Русская политическая полиция слишком часто принимала разговоры за готовность к действию.
Между тем Алексей Петрович искренне пытался стать частным человеком, понимая, что кончилось время «подвига», но не подозревая, что наступило время легенды.
1
Теперь он был еще более беззащитен, чем во времена своей молодости, после освобождения из ссылки. Тогда был Казадаев, тогда он отнюдь не был предметом зависти и ненависти. И вообще времена были гуманные.
За прошедшие четверть века он сделал слишком много для того, чтобы стать беззащитной мишенью. Он слишком высоко взлетел. Он слишком явно демонстрировал свое превосходство и свое презрение к придворному генералитету. Его планы были слишком грандиозны, чтобы не вызвать злого раздражения у тех, кто довольствовался банальной карьерой. Он пожинал плоды своей особости, своего необъятного честолюбия…
Он писал Закревскому: «Я 15-го числа прошедшего июня приехал в деревню к отцу моему, которому придало силы мое присутствие. Старик с неописанным великодушием принял детей моих и называет их сиротами. Я живу весьма покойно и сия жизнь кажется мне не без приятностей. Давно нужно было мне отдохновение, к которому впрочем мог я перейти и не таким образом, но, почтеннейший друг, чиста у меня совесть и не оставит судьба без наказания врагов моих, оклеветавших меня перед государем. Что делали со мной в Грузии! Какой гнусный ябедник Паскевич, непостижимо!» Воспоминания терзали его: «Больно, достигнув звания моего, службою довольно продолжительною и довольно усердною, быть неизвестным до такой степени, что принимались против меня самые гнусные доносы ».

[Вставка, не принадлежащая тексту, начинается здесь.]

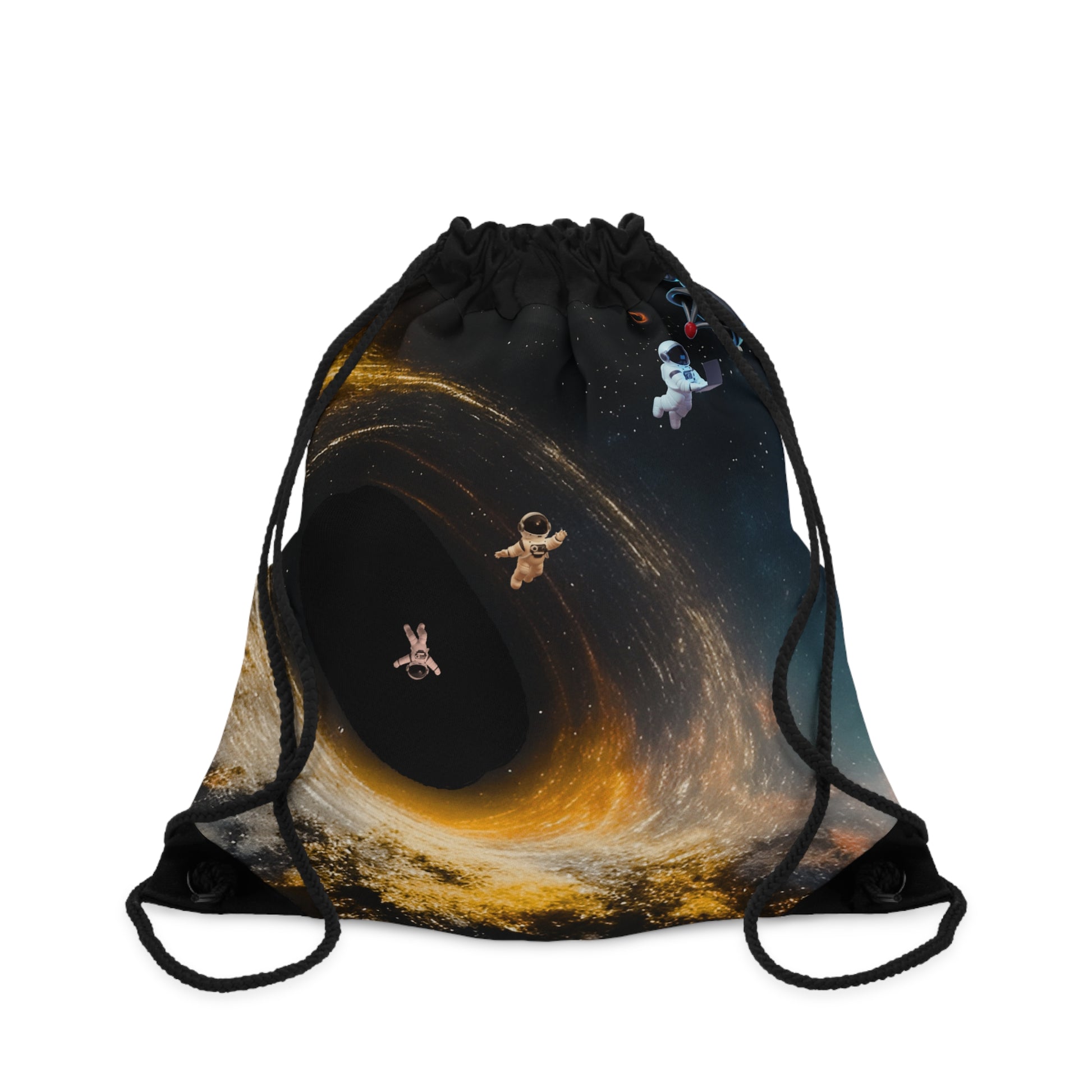 Lightweight, bold, and ready to go. This drawstring bag features the Cosmic Drift design with astronauts and space toys swirling toward a golden vortex—perfect for quick gym runs, beach days, errands, or tossing your daily essentials in one easy grab-and-go bag.

Однако надо было готовиться к новой жизни.
6 августа, приехав в Орел, он писал Кикину: «Давно расстался я со многими мечтами и ближайшее рассуждение о них обуздывает прежних лет молодые страсти. Первого злодея — честолюбие, гоню из обиталища моего ». И через несколько фраз: «Здесь я иностранец, вышедший на берега африканские. Как все пусто, как дико!»

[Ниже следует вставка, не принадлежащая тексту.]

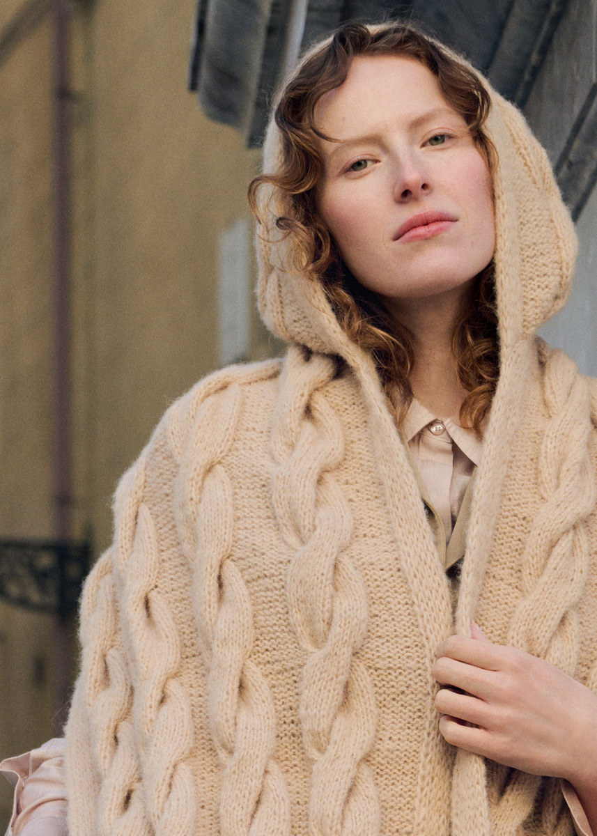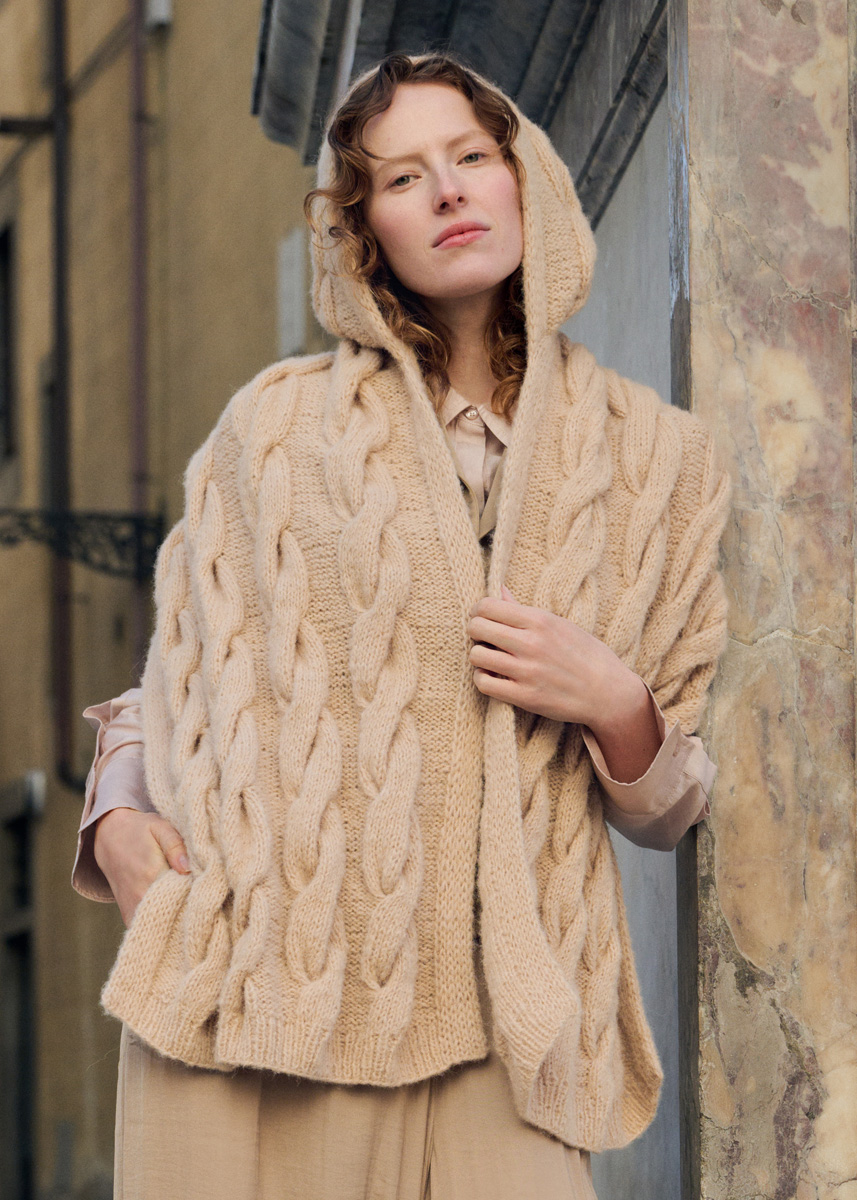 Garn: Lana Grossa «Nebbia» (55 % ren ull (merino extrafine), 45 % alpakka (baby), LL = ca. 170 m/50 g): 400 g beige (frg 13).

Мир, в котором он теперь очутился, отличался от его мира не географически и не социально. Это был мир, в котором не было места его мечтам, не было места «подвигу». Пустой мир.
Его утешали только сыновья и книги, собранные в Заграничных походах.

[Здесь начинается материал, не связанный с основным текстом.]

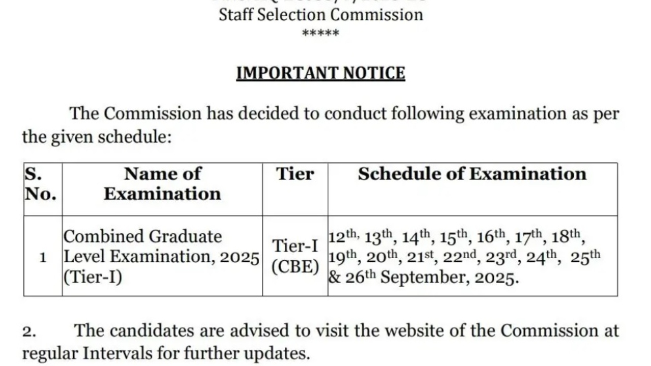 SSC will conduct the examination for a total of 15 days at the designated centres across the country. According to the schedule, the exam will be conducted on the following dates: 12, 13, 14, 15, 16, 17, 18, 19, 20, 21, 22, 23, 24, 25, and 26 September 2025.

Щедрость императора дала ему возможность заняться образованием детей, не прибегая к милостям Закревского.
Чтобы избавиться от неопределенности своего положения, он подал в отставку. И получил ее буквально через два дня после получения Дибичем его прошения.
Он подыскивал учителей сыновьям и увеличивал свою библиотеку. Он строил себе дом в Орле со специальным помещением для библиотеки и старался убедить себя, что счастлив. Но мы-то знаем, что его представления о счастье были существенно иными. Его героем был не император Диоклетиан, который предпочел воинской славе и власти выращивание капусты.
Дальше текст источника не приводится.